Honoré Daumier, 1856.
Les mots s’envolent, les écrits restent, dit un proverbe.
Pourtant, ce qui est dit est réellement dit. L’univers n’est pas une poubelle sans fond. Chacun de nos actes, chacune de nos pensées et de nos paroles a un poids.
Vivant dans le monde du mensonge, dont le prince est appelé Père du mensonge, les êtres humains croient pouvoir impunément mentir.
Jusqu’au jour où ils prennent conscience de l’énorme fardeau qu’ils traînent avec eux, qu’ils en vacillent.

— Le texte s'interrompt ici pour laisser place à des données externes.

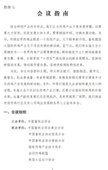 根據(jù)當(dāng)前全國新冠肺炎疫情形勢和成都市人民政府關(guān)于加強(qiáng)新冠肺炎疫情的防控工作部署要求,經(jīng)大會組委會研究決定,原定于2022年5月15-17日(15日報(bào)到)在成都市渝江飯店召開的第七屆(2022)全球肉雞產(chǎn)業(yè)研討會延期至2022年8月7-9月(7日報(bào)到),會議地點(diǎn)及內(nèi)容不變,詳見附件。我們將繼續(xù)開展會議的招商工作,請有意向的企業(yè)及時(shí)與我們聯(lián)系。

La quête de la vérité passe nécessairement par le rappel, la découverte et nettoyage de nos mensonges. Les bêtes féroces qui assaillent le chercheur sont des aspects de son énergie dévoyée, égocentrée, mais l’hydre qui l’accompagne comme son ombre est l’implacable volonté qu’il met à travestir l’insupportable réalité : nous sommes nus. Et c’est nus que nous sortirons du cachot. Nus et purifiés par l’insupportable aveu que nous n’avons plus aucun voile, plus aucune ombre où disparaître.
Sur les foires d’autrefois, les paysans et les marchands de bestiaux échangeaient de grandes tapes dans les mains, devant une galerie de compères : Tope !

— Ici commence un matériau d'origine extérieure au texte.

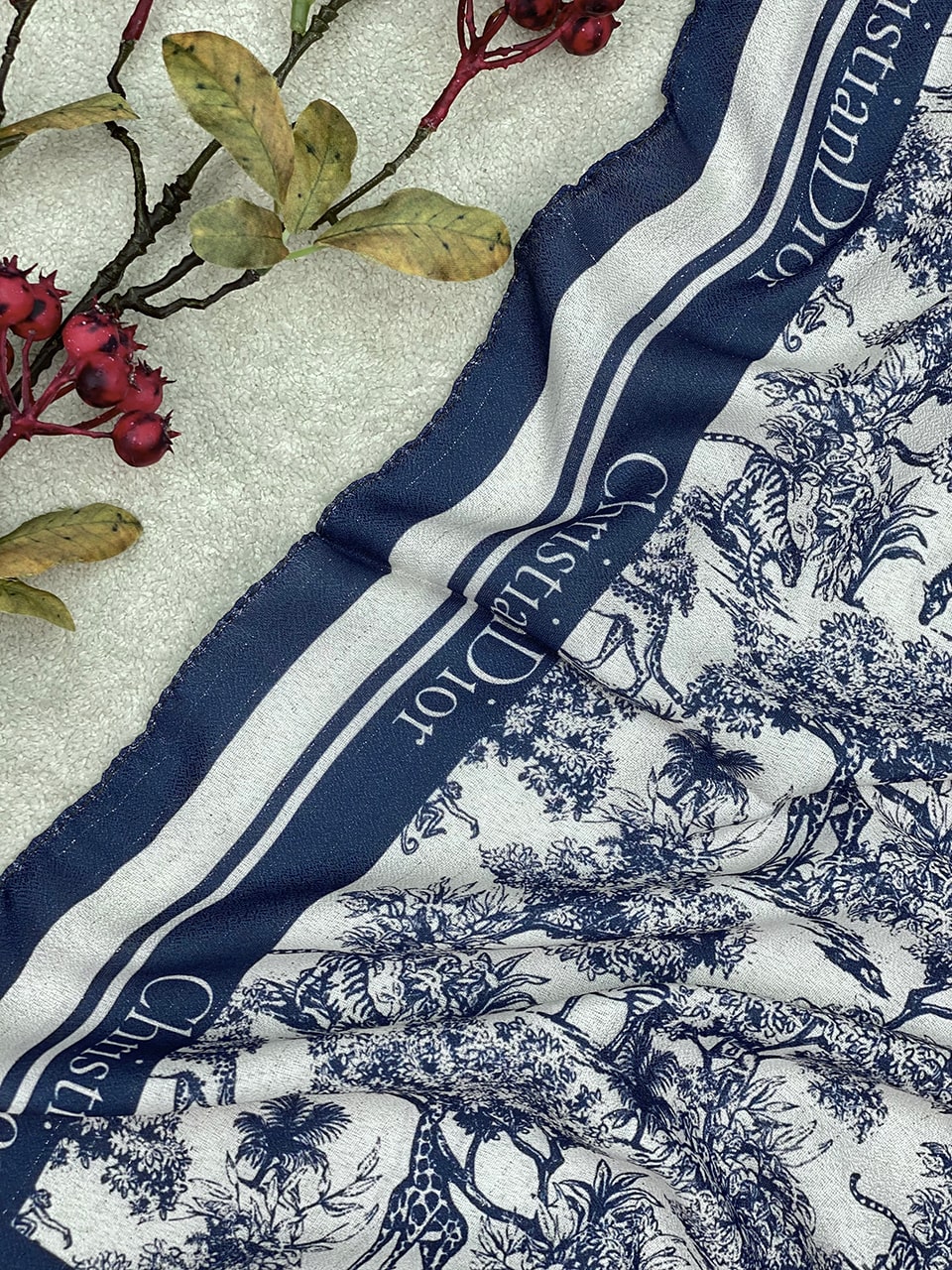 مینی اسکاف( ۶۷×۶۷) طرح جنگل ،کریستین دیور لمه دار بهاره، یک مینی اسکارف مجلسی از جنس کرپ نخ لمه دار بوده، روی سر سُر نمیخورد، لمه های زر موجود در تارهای آن نمای بسیار زیبایی به این مینی اسکاف داده است که باعث میشود بتوان از آن در مجالس و میهانی ها و جلسات مهم از آن استفاده کرد.ضد چروک بوده و قواره کار ۶۷ در ۶۷ میباشد.

Une fois topé en public, le marché était conclu. C’était un contrat verbal. Celui qui y contrevenait passait dorénavant pour faux et menteur, malhonnête.
C’était une manière de garantie basée sur la connaissance intime commune à tous : nous sommes tous menteurs.
A telle enseigne que les hommes de loi depuis l’aube des temps s’emploient à rédiger de très concis contrats censés garantir le respect des intentions des contractants.
Mais, bizarrement, soit les grands juristes sont maladroits, soit les gens de mauvaise foi ont d’encore meilleurs juristes, car il ne passe pas une journée sans que les contrats de la veille soit dénoncés à grands cris par ceux qui se sont hier empressés de les signer.
Une foule de personnes ne respectent même plus l’écrit.
C’est encore un signe, une preuve que ce monde est déjà mort. On peut trafiquer n’importe quelle image, n’importe quelle bande son, n’importe quoi, en fait, pourquoi pas l’ADN, pour faire passer n’importe quel mensonge.
Face au mensonge, on n’a qu’une alternative : s’en dépouiller jusqu’à la moelle des os.